【毎日12時実食】やりうどん大戦記 ~福岡三大チェーンに挑むうどん革命~
湊 マチ
第1話 消えかける味の灯
「やりうどんの未来は暗い――」
会議室。プロジェクターに映し出された資料を見て、高宮優は心臓をぎゅっとつかまれたような感覚に陥った。そこには、「やりうどん本店 売上低迷による閉店の可能性」と、赤文字で無情なタイトルが表示されている。
「福岡の地元チェーンとして長く愛されてきたやりうどんですが、現状は三大チェーン――ウエスト、資さんうどん、牧のうどん――に完全に押されており、売上は過去最低の水準を記録しています。」
前でプレゼンをしているのは、飲食事業部長の大村宏之だ。厳しい表情と冷静な声が、事態の深刻さをさらに際立たせる。
「このままの状況が続けば、本店の閉店は避けられません。そしてそれは、やりうどんブランド全体の終焉を意味します。」
優は手元の資料に目を落とした。そこに並ぶ数字は、どれも厳しい現実を突きつけてくる。しかし、彼女の中にはもっと個人的な感情が渦巻いていた。
「やりうどんがなくなるなんて……」
優は、子どもの頃、家族と一緒にやりうどんに通った思い出を思い出していた。特に「ごぼう天うどん」は、幼い彼女にとって特別な味だった。揚げたてのごぼう天の香ばしさと、優しい出汁の味わい。それはまさに、福岡の「味の記憶」そのものだった。
「そんな……やりうどんが、なくなっちゃうなんて……」
小さく呟いた優の声は、意外にも会議室全体に響いた。数人の視線が彼女に向けられる。
「高宮。」
大村がその言葉を拾うように声をかけた。優は慌てて背筋を伸ばし、彼の視線を正面から受け止める。
「君がこのプロジェクトに配属されたのは、“やりうどん復活プロジェクト”の一環としてだ。君は福岡出身だと聞いた。地元の味を守りたいという思いがあるのなら、このプロジェクトでそれを証明してもらいたい。」
「はい!絶対にやり遂げます!」
優は思わず声を張り上げた。だが、具体的に何をすればいいのかは全く分かっていない。それでも、失いたくないという気持ちだけは確かだった。
「偏屈な先輩」
優が最初に向かったのは、やりうどん本店だ。福岡駅近くにあるこの店は、交通の便も良く、一等地と言ってもいい。しかし、店に足を踏み入れた瞬間、優はその静けさに驚いた。
「これ……お昼時だよね?」
時計を見ると正午過ぎ。にもかかわらず、店内には数人の客しかいない。テーブルの間隔がやけに広々として見え、空気がどこか寂しい。
「なんだ、このお通夜みたいな雰囲気は。」
不意に背後から声がして、振り返ると、厨房の奥に立っていたのは一人の男だった。エプロン姿で、腕を組んでこちらを見ている。彼が商品開発担当の嶋村恭平だった。
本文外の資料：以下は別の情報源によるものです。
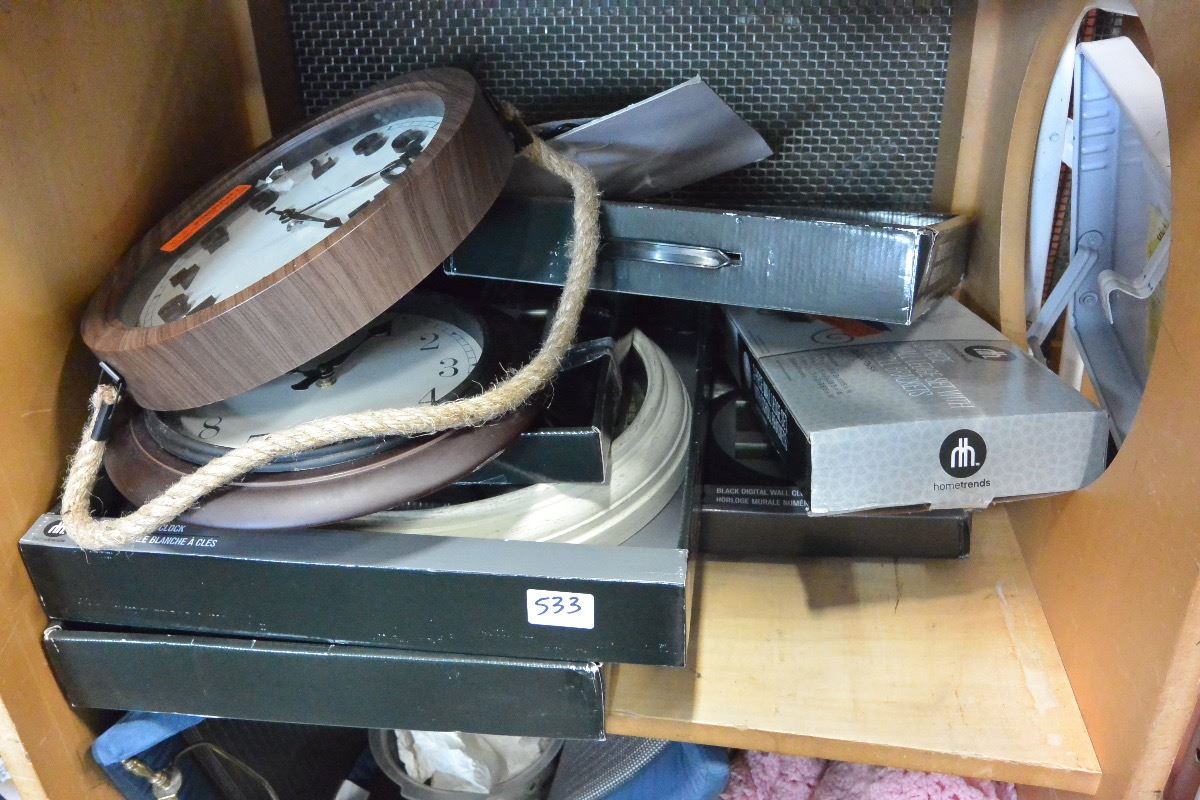 SHELF LOT OF WALL CLOCKS AND WALL ART

「あ、初めまして!今日から配属されました、高宮優です!」
勢いよく頭を下げる優に、嶋村は少し眉を上げた。
「……あんたが新人か。まぁ、せいぜい頑張れよ。」
「あの、嶋村さん!今日から一緒に働かせていただきますので、いろいろ教えてください!」
「教えるって……俺が?面倒くさいな。」
嶋村は飄々とした態度でカウンターに腰掛けると、目の前に置かれた「ごぼう天うどん」を指差した。
「これが、うちの看板メニューだ。」
優はその丼をじっと見つめた。揚げたてのごぼう天が乗ったそのうどんは、間違いなく美味しそうだった。だが、どこか「昔ながら」の雰囲気が強く、華やかさに欠けている。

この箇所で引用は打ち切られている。